A lot of people have asked me if it was difficult with the "dreaded" three-oh right around the corner, if I'll have a hard time letting go of my twenties, etc, etc. The truth is, I love getting older, and even more than that, I love the life I'm living right now.
The older I get the more sure I am of what's truly important in life and I soak it in. Sure, I may have packed away the short skirts and cutoff shorts, but what I traded them in for has so much more value...motherhood. For the first time in my life, I see very outward signs of evolution in my heart, mind, and spirit and it spurs me on to do more and be more. I love that.
I'm less concerned about what other people think of me and run hard into the purposes God has paved before me.
I definitely was that mom that wanted all her kids popped out by 30, but God has shown me such a bigger picture of what he's called our family to be. And truth be told, I hope we still have kids into our 50's and 60's. There are so many unwanted, "unadoptable," orphans out there that need families...and we're a family.

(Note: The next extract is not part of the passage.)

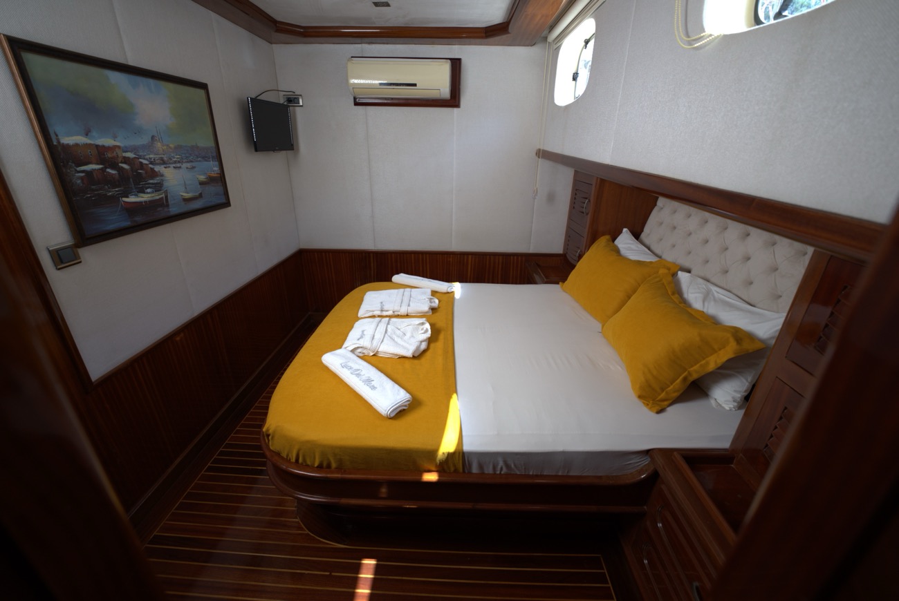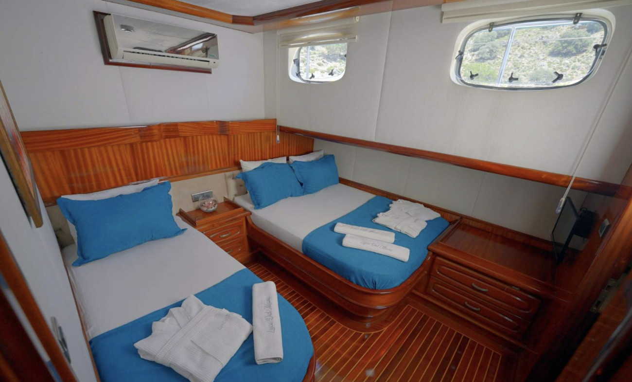 1 master suite, 2 double cabins and 2 triple cabins with separate beds.

One of the facts that hit my heart, this weekend, is that I will have started and ended my twenties married to Ben. I love that. I love him. When I shared this with my pedicurist, yesterday, and how much I look forward to starting and ending my 30s, 40s, and 50s, with Ben, she said, "There are no guarantees in life." Although, I know this to be true, God gives us such specific recipes for great, godly marriages. I know God has given me everything I need to be the wife he designed me to be and the same holds true for Ben. We have overcome many obstacles in our 12 years together and I'm so thankful for God's hand in our relationship.
I don't know what this year of 29 holds for me, but I know it's good. I know it's good because God is good and has given me more joy than I deserve, this year.
Thank you for all your warm wishes. My heart is so full and your presence in my life is a big contributor!